━━━ GIVEN INFORMATION ━━━

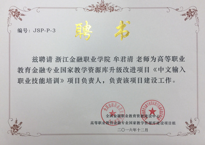 岗员牟君清受聘国家教学资源库《中文输入职业技能培训》负责人,助力金融专业教学工作。
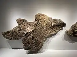A Triceratops nicknamed "Lane" (HMNS PV.1506) that was unearthed on the Zerbst Ranch in Wyoming in 2002 is preserved with large areas of fossil skin over its trunk−both the nearly complete skeleton and the skin fossil are on display at the Houston Museum of Natural Science. The skin is not preserved as an impression but as a thin layer of clay that formed from a bacterial mat on the desiccated body and recorded the skin in positive relief with exceptional detail, a form of fossilization called "clay templating" that was only recognized recently based on analysis of two Edmontosaurus "mummy" specimens first described in 2025 from the same Wyoming area, dubbed the "mummy zone." Contrary to earlier sources, actual fossilized skin is not preserved.[42][43] The scales have conical projections rising from their center, suggesting the possible presence of bristles or quills.[44] A preserved piece of skin from the frill of a specimen is also known, which consists of small polygonal basement scales.[45]
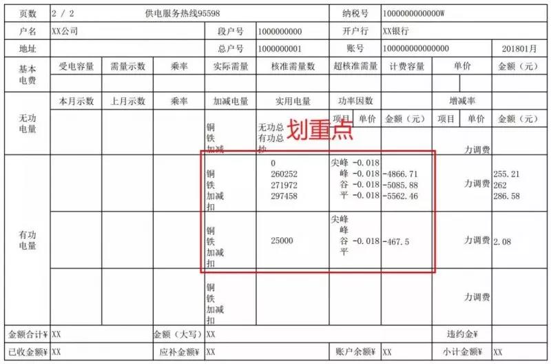 接下來我們翻到第二頁,這時我們發(fā)現(xiàn),第一頁中的峰平谷電量和定量25000千瓦時電量再次出現(xiàn)了,而且對應(yīng)的單價是一個負(fù)數(shù)。沒錯,這就是咱們當(dāng)月的優(yōu)惠電量了。江蘇省2018年電力市場用戶是全電量參與,因此咱們的每一度電都可以享受到優(yōu)惠。這里要注意,有的用戶會出現(xiàn)多行數(shù)據(jù),產(chǎn)生多頁核查聯(lián),但前后數(shù)據(jù)一定是一一對應(yīng)的哦。

━━━

PROBLEM DESCRIPTION =>
Print the whole listing above exactly, and keep every picture out of the copy.

TASK OUTPUT =>
 岗员牟君清受聘国家教学资源库《中文输入职业技能培训》负责人,助力金融专业教学工作。
A Triceratops nicknamed "Lane" (HMNS PV.1506) that was unearthed on the Zerbst Ranch in Wyoming in 2002 is preserved with large areas of fossil skin over its trunk−both the nearly complete skeleton and the skin fossil are on display at the Houston Museum of Natural Science. The skin is not preserved as an impression but as a thin layer of clay that formed from a bacterial mat on the desiccated body and recorded the skin in positive relief with exceptional detail, a form of fossilization called "clay templating" that was only recognized recently based on analysis of two Edmontosaurus "mummy" specimens first described in 2025 from the same Wyoming area, dubbed the "mummy zone." Contrary to earlier sources, actual fossilized skin is not preserved.[42][43] The scales have conical projections rising from their center, suggesting the possible presence of bristles or quills.[44] A preserved piece of skin from the frill of a specimen is also known, which consists of small polygonal basement scales.[45]
 接下來我們翻到第二頁,這時我們發(fā)現(xiàn),第一頁中的峰平谷電量和定量25000千瓦時電量再次出現(xiàn)了,而且對應(yīng)的單價是一個負(fù)數(shù)。沒錯,這就是咱們當(dāng)月的優(yōu)惠電量了。江蘇省2018年電力市場用戶是全電量參與,因此咱們的每一度電都可以享受到優(yōu)惠。這里要注意,有的用戶會出現(xiàn)多行數(shù)據(jù),產(chǎn)生多頁核查聯(lián),但前后數(shù)據(jù)一定是一一對應(yīng)的哦。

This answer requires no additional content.